Rigging was also messy. Sometimes generated characters came back structurally weak, missing pieces, over-segmented, or arranged in ways that were hard to animate. To keep the pipeline usable, I added deterministic cleanup and repair passes that normalize the rig output before playback.

The editor itself was also a big part of the work. The timeline UI, scrubbing, audio placement, scene previews, and export logic were not “just AI problems.” They were product and engineering problems, and they took a lot of iteration.

Lip sync added another layer. Dialogue audio is generated with Google Cloud Text-to-Speech, and timing data is converted into visemes that drive SVG mouth shapes or jaw motion. That meant the audio system, the rigging system, and the playback system all had to agree on the same structure.

How It Was Built

This project was built in a very iterative way, and AI-assisted development was a real part of that process.

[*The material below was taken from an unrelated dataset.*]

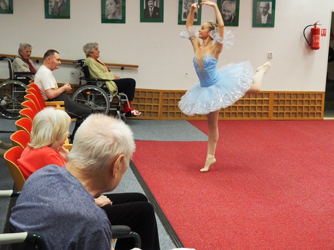 Podzim pro seniory - v rámci maturitního projektu Michaely Woffové jsme sledovali taneční (Taneční konzervatoř Brno) a hudební vystoupení (hudebník Dan Kikta).

Antigravity, Codex, and Claude all helped at different points with architecture exploration, implementation, refactoring, debugging, and moving through ideas more quickly. That made it easier to test different directions and keep momentum while building.

But those tools did not remove the hard part. They mostly helped me get to the hard part faster.

The real work was still deciding where AI should be trusted, where deterministic code was necessary, and how much structure the system needed in order to stay usable.

One Direction That Could Improve It a Lot

One idea I keep coming back to is that the system could become much stronger if more of the animation vocabulary was predefined up front.

For example, instead of asking the model to invent every object class and every kind of motion from scratch, a better system might predefine more of that world in advance:

  • known object types
  • known rig families
  • known animation categories
  • known motion libraries

That would make the system more deterministic, and I think it would also provide the quality bump the project still needs.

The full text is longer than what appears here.